An electrolyte membrane was prepared from this solution in the same manner as in Example 6, and proton conductivity, methanol permeability test, and hot water durability test were performed. The results are shown in Table 2.

(Example 14)
1.75 g of terminal styryl type aromatic polyether synthesized in Synthesis Example 1 (a), 2.1 g of cyclohexylmaleimide, 1.15 g of styrene, 2-hydroxy-2-methyl-1- A homogeneous solution was prepared by mixing and heating 0.15 g of phenylpropan-1-one and 10 g of DMAc. In this case, (a) :( b) = 35: 65.
An electrolyte membrane was prepared from this solution in the same manner as in Example 6, and proton conductivity, methanol permeability test, and hot water durability test were performed. The results are shown in Table 2. Compared to Example 6, the proton conductivity was remarkably reduced to 0.84 S / cm 2, but an electrolyte membrane having no problem with methanol permeation suppression and water resistance could be produced.

(Comparative Example 2)
A homogeneous solution was prepared by mixing and heating 5 g of the aromatic polyether having a hydroxy group at the terminal, which is an intermediate product in Synthesis Example 1, with 10 g of DMAc.
An electrolyte membrane was prepared from this solution in the same manner as in Example 6, and proton conductivity, methanol permeability test, and hot water durability test were performed. The results are shown in Table 2.

As is clear from Table 2, the electrolyte membranes of the present invention (Examples 6 to 14) are superior in the balance of proton conductivity and methanol permeation suppression as compared with the uncrosslinked electrolyte membrane (Comparative Example 2), and are resistant to hot water. The sex is much better.

The electrolyte membrane produced by the present invention can be applied not only to fuel cells, but also to electrochemical device elements such as various sensors and separation membranes for electrolysis.

Claims (8)

Impregnating the pores of the porous substrate with an aromatic polyether (a) having a vinyl group at the end and having an ion exchange group in the molecule; Process for polymerizing in a pore   Impregnating the liquid containing the aromatic polyether (a) and the vinyl monomer (b) other than (a) into the pores of a porous base material having swelling resistance in an organic solvent and water; The method for producing an electrolyte membrane according to claim 1, further comprising a step of copolymerizing the (a) and (b) in the pores of the porous substrate.   The use ratio of the aromatic polyether (a) and the vinyl monomer (b) is in the range of 97: 3 to 40:60 as a mass ratio of (a) :( b).
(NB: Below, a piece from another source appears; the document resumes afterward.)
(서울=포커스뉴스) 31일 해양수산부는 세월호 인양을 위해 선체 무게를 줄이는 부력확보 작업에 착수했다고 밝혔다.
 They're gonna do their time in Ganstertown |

Manufacturing method of electrolyte membrane.   Use of an aromatic polyether (a) synthesized by reacting a terminal hydroxy type aromatic polyether with a functional group having reactivity with a hydroxyl group and a compound having a vinyl group (functional vinyl compound) The method for producing an electrolyte membrane according to any one of claims 1 to 3   The electrolyte membrane according to claim 4, wherein the functional vinyl compound has a functional group selected from a carboxyl group, a carboxylic acid halide group, an acid anhydride group, a halomethyl group, an epoxy group, an isocyanate group, and an oxazoline group. Production method. The method for producing an electrolyte membrane according to any one of claims 1 to 5, wherein the aromatic polyether (a) has a terminal molecular structure represented by (1).
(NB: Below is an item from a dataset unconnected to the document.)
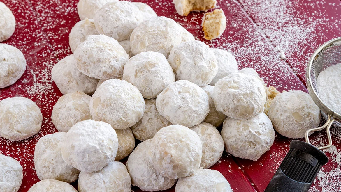Πλάστε τους κουραμπιέδες σε μικρές μπαλίτσες και τοποθετήστε τους σε ταψί με λαδόκολλα.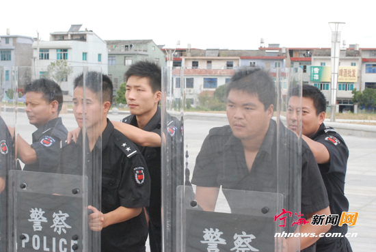宁海新闻网讯 昨日上午,县公安局巡特警大队的32名防暴队员正在国际会展中心广场开展特警战术训练。为进一步提高巡特警队员的防暴处突应急能力,以更好地维护我县经济发展和社会稳定,自8月12日开始,县公安局巡特警大队的全体队员将参加为期三个月的特警战术轮训。(李江林周国亮摄)

  The method for producing an electrolyte membrane according to claim 2 or 3, wherein the vinyl monomer (b) contains N-substituted maleimide. The method for producing an electrolyte membrane according to any one of claims 2, 3, and 7, wherein the aromatic polyether (a) and the vinyl monomer (b) are copolymerized by photoinitiated polymerization.